Gu X Q
School of Public Health, Shanghai Medical University, People's Republic of China.
Am J Ind Med. 1987;12(6):755-8. doi: 10.1002/ajim.4700120614.
The existence of byssinosis in China was first reported in 1964. Detailed studies only started in the late 1970s and early 1980s. The work of the WHO study group as edited by the Technical Report Series no. 684, "Recommended health-based occupational exposure limits for selected vegetable dusts," promotes the further study of occupational disease in China; a few points need further discussion. The word byssinosis translated in Chinese is misleading as to the real pathogenesis of the disease. Some still believe cotton dust causes interstitial fibrosis, while the majority of researchers agree with the WHO study group. A poorly designed animal model may have led to the (incorrect) conclusion that dust from carding room is toxic if it is injected intratracheally. The reasons for the controversy in the prevalence of byssinosis in different reports in earlier years are the different diagnosis criteria and the fact that dust sampling methods were not standardized; pulmonary function tests were not used as a routine index; chronic bronchitis and smoking are now recognized as confounders and should have been considered. This Institute initiated the hygiene standards study on cotton dust and recommended 1 mg/m3 for respirable dust and 3 mg/m3 for total dust. If a reduction in dust levels could prevent byssinosis, it would likely also control the risk factor for developing bronchitis.
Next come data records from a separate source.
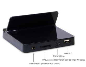 - Connect the dock to a stereo or speakers using an AV cable or a stereo audio cable to play music from iPad.
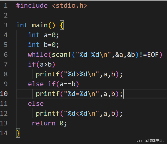 这题难点在于需要多组输入,需要用到while循环语句(下一篇博客会说到),现在可以简单记忆一下:while(scanf("%d",&a))!=EOF)
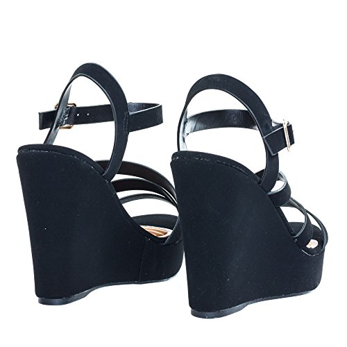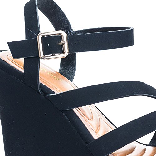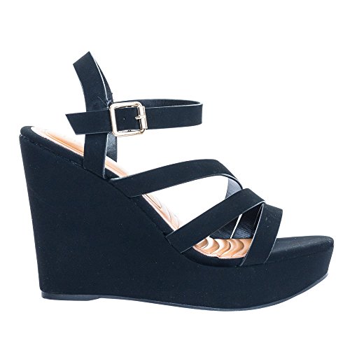 Binding : Apparel Product Description About This Shoes :These sanfal features a covered platform wedge, open toe construction, triple cage strap design, adjustable ankle strap and textured padded insole. Brand - Bamboo Colors Available: Black Occasion: Formal Shoe Type: Platforms Wedges Shoe Style: Platforms Wedges Inner Lining: synthetic Heel Height In Inches - 5 Heel Style - Wedge Toe Style - open-toe Platform Height In Inches - 1.50" Shaft Height In Inches - Circumference Opening - Strap Type - ankle-strap Sole - manmade All Man Made Material unless otherwise stated. Computer/Phone/Table monitors might show color differently because of its quality or calibration, we suggest you look at the photo in at least 3 monitors if you need exact color match of your shoes. 0

1964年,中国首次报道了棉尘病的存在。详细研究直到20世纪70年代末和80年代初才开始。世界卫生组织研究小组的工作成果发表在第684号技术报告系列《选定蔬菜粉尘基于健康的职业接触限值建议》中,这推动了中国对职业病的进一步研究;有几点需要进一步讨论。“棉尘病”这个词的中文翻译在疾病的真正发病机制方面具有误导性。一些人仍然认为棉尘会导致间质纤维化,而大多数研究人员认同世界卫生组织研究小组的观点。一个设计不佳的动物模型可能导致了(错误的)结论,即如果将梳棉车间的粉尘经气管内注射,它是有毒的。早年不同报告中棉尘病患病率存在争议的原因是诊断标准不同,以及粉尘采样方法未标准化;肺功能测试未作为常规指标使用;慢性支气管炎和吸烟现在被认为是混杂因素,本应予以考虑。本研究所启动了棉尘卫生标准研究,并建议可吸入粉尘为1毫克/立方米,总粉尘为3毫克/立方米。如果降低粉尘水平可以预防棉尘病,那么它可能也能控制患支气管炎的风险因素。